### Data under study ###

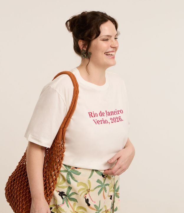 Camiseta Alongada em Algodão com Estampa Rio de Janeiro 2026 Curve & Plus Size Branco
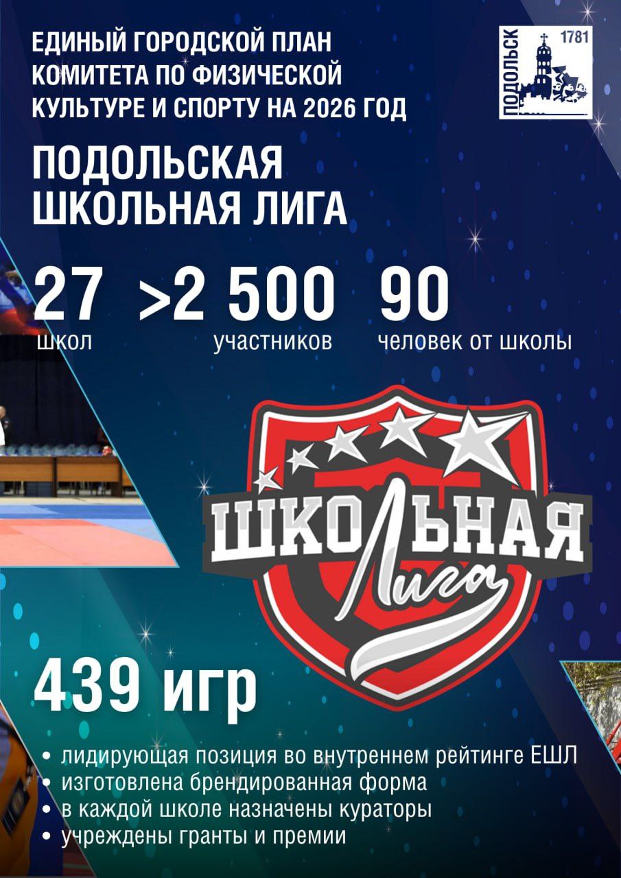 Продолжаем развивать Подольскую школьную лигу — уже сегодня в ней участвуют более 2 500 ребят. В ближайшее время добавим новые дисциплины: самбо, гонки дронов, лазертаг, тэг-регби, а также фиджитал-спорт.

###
### Data under study ###

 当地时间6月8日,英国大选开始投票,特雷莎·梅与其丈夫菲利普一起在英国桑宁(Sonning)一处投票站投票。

###

Within these entries, output exactly the lines starting at the one with "Camiseta Alongada em" and finishing at the one with "Продолжаем развивать Подольскую". Leave pictures out of the output.

 Camiseta Alongada em Algodão com Estampa Rio de Janeiro 2026 Curve & Plus Size Branco
 Продолжаем развивать Подольскую школьную лигу — уже сегодня в ней участвуют более 2 500 ребят. В ближайшее время добавим новые дисциплины: самбо, гонки дронов, лазертаг, тэг-регби, а также фиджитал-спорт.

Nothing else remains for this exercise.